# Lecture 22: Data Pipelines

Applying machine learning algorithms and approaches to real-world data
involves a number of practical challenges. In this series of lectures,
we will look at tools and ways of working that address questions like:

- How can I store and access large amounts of data remotely?
- How can I keep track of different versions of datasets?
- How can I share my results and make my analyses reproducible by others?

Before we get into individual questions, let's take a look at the broader picture of how we handle data, before and after running any analysis or inference methods.

## Pipelines

More often than not, the data of interest will not be in a directly useable form, or perhaps not even immediately available to you.

Before we can train any model, we first need to make sure that the data is available and properly formatted. This can involve a number of steps:

- Accessing the data
- Cleaning and other preprocessing
- Reformatting

After this, the data is ready to be used in our algorithm of choice.

Image: access -> preprocess -> (formatting ->?) modelling/prediction -> publishing

This sequence of steps is sometimes called a **data pipeline**. Another related term used to describe similar workflows is ETL: Extract-Transform-Load.

## Accessing data

If we haven't collected the data ourselves, we will first need to get our (virtual) hands on it! This can be done in a number of ways. For example:
- A colleague gives us a file
- We connect to a web service that produces the data
- We "scrape" a web page or other source to extract the data ourselves
- We query a database for the particular data we want

Sometimes we will need to combine more than one source to get the full set of data that we require.

We will talk more about databases in the next lecture. 

A common element in the above examples is that the data can exist in some **remote** location. How we get it on our own computer will depend on the source, format and size of the data. However, this can often be done programmatically.

### Example: Downloading data from S3

S3 is a storage service offered by Amazon Web Services (AWS). Users can upload datasets which can then be accessed by others. For this example we will look at an open dataset that can be downloaded by anyone.

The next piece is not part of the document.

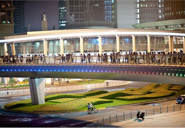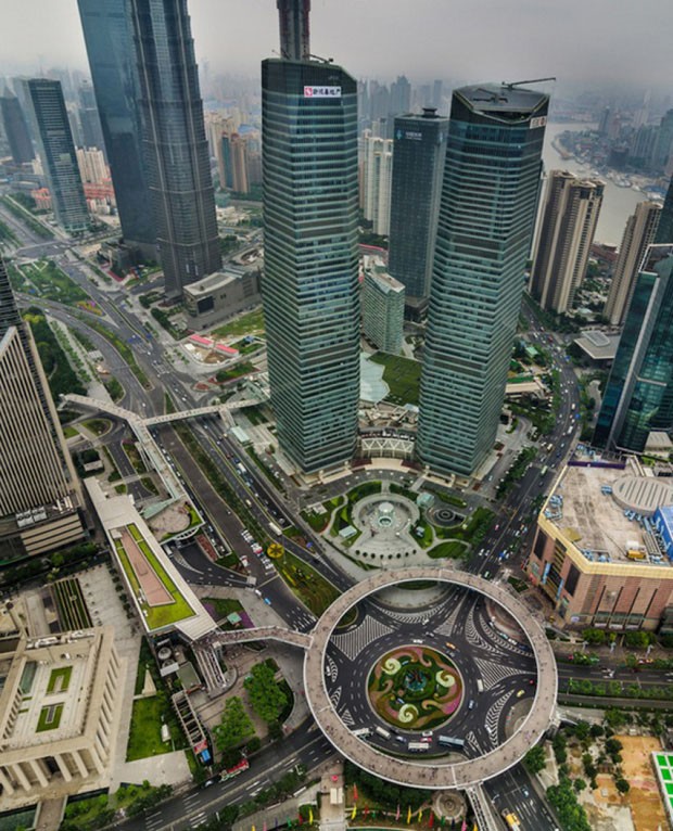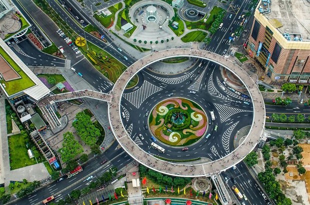 Mas não no bairro de Pudong, em Xangai, na China. Ali, os pedestres ganharam uma rotatória só para eles: a passarela circular Lujiazui, construída do lado leste do rio Huangpu, na zona econômica e financeira da cidade, cercada por arranha-céus onde não havia nada além de terra há 15 anos.

(To run this locally, you will need to install the Python package `boto3`, which will let you communicate with AWS).

In [2]:
import boto3

ModuleNotFoundError: No module named 'boto3'

## Preprocessing

It is not always enough to get hold of the data you want to work with. Sometimes this raw or preliminary data has to be transformed. There are many reasons why:

- Errors in data
- Dimensionality or size of dataset is too high
- We want to focus only on a subset of interest
- Raw data does not directly contain variables of interest 
- Some algorithms are negatively impacted by e.g. imbalances in class frequencies or extreme values

Preprocessing steps can include:
- Replacing values that are incorrect or cause problems
- Filtering, subsampling (discarding samples) or supersampling (repeating samples)
- Creating new variables such as by combining existing ones
- Removing outliers

Aspects of this are often referred to as **"cleaning"** the data. This is an important and often undervalued step in the pipeline. These transformations can be performed manually, although tools like [OpenRefine](https://openrefine.org/) can simplify and automate the process.

## Reformatting
**Maybe should be part of preprocessing?**

The code you have written may expect to read in data in a particular format, such as a CSV file, or a collection of files. The result of your preprocessing must therefore be put into the same format.

This can often be done through a library. For instance, `pandas` offers several methods for writing out a data frame to a number of commonly-used formats.

Example of pandas or json or...?


## Publishing
Make your results and models available:
- Serializing results, making things reproducible
- Uploading remotely
- Metadata and explanation of provenance/meaning
- FAIR

## Summary
- Data needs to go through a number of steps before it can used in a model.
- Doing this process programmatically, not manually, leaves a record and facilitates repetition and verification.
- Remote access to data is becoming increasingly important as size grows.